Hi,
I have found a workaround for the infamous command line length problem
in gwt-maven on windows so am posting it for those that may find it
useful.

The idea is to use a multi module project similar to the example (rpc,
server, gwt) but NOT include a dependency on server in the gwt module
[which means the gwt compiler now only has to cope with the rpc module
and its dependencies (which should be very few) on its classpath]

Of course this means that the war generated by the gwt module is now
no longer deployable as it is missing the server code and its
dependencies. So create a final empty (no code) maven module "war"
which just depends on server and gwt.

The rpc module has to supply source code. Rather than including it in
the main jar as a resource I use the attach-sources method of the
source plugin described on the wiki : 
http://code.google.com/p/gwt-maven/wiki/M2FAQ
This is not essential and in fact complicates things (as seen below)
but does avoid the sources being packaged in the final war.

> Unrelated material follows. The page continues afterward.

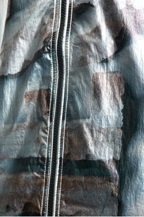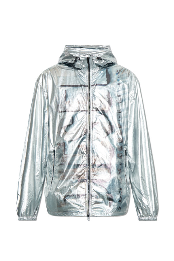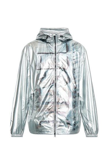 This men’s hooded jacket by Diesel is crafted from a shiny, metallic silver fabric that delivers a modern, futuristic look. Designed with a relaxed fit, it features a full front zip closure, abstract surface patterns, and prominent seam detailing for a unique touch.

Unfortunately depending on the source artifact in provided scope as
described on the wiki does not work on windows - the build fails as
the gwt compiler cannot find the sources. It works on windows when
building the gwt module alone (but not when building the top level
module) and at all times on linux.

The reason for this is that maven does not include the attached source
artifact in multimodule projects on the compile time classpath but
_does_  include it on the compile time _test_ classpath. Is this a
maven bug? The gwt-maven
ScriptWriterUnix.getPrintWriterWithClasspath() method explicitly adds
the test classes whereas the ScriptWriterWindows class does not
(anyone know the reason for this difference?)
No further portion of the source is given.